---- Record extracts

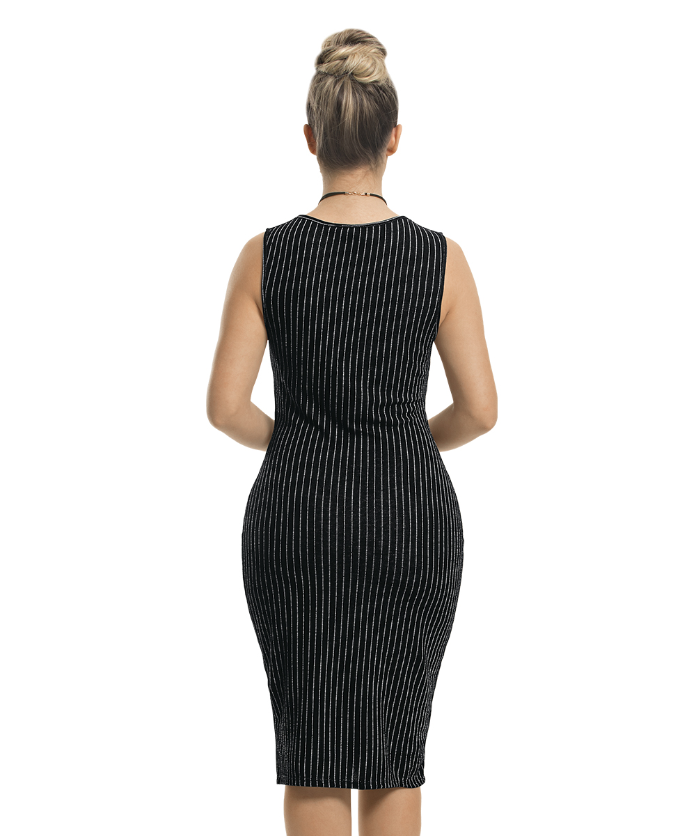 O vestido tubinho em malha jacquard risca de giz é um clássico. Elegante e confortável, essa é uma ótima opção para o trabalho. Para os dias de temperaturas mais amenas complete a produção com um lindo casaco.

--------
---- Record extracts

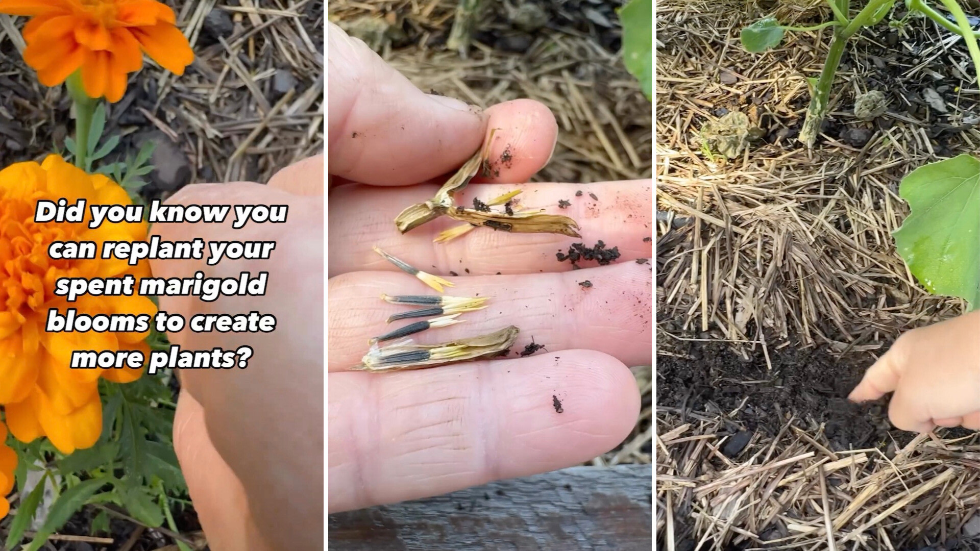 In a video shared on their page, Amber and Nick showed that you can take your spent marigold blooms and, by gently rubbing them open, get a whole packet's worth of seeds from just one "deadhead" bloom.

--------
---- Record extracts

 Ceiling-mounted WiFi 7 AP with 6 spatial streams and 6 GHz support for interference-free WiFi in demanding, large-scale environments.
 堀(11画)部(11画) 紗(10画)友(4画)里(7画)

--------

◆ Description of the task
One stretch of the lines above is wanted, from the line that contains "Ceiling-mounted WiFi 7" through the line that contains "堀(11画)部(11画) 紗(10画)友(4画)里(7画)". Output it exactly.

◆ Reply
 Ceiling-mounted WiFi 7 AP with 6 spatial streams and 6 GHz support for interference-free WiFi in demanding, large-scale environments.
 堀(11画)部(11画) 紗(10画)友(4画)里(7画)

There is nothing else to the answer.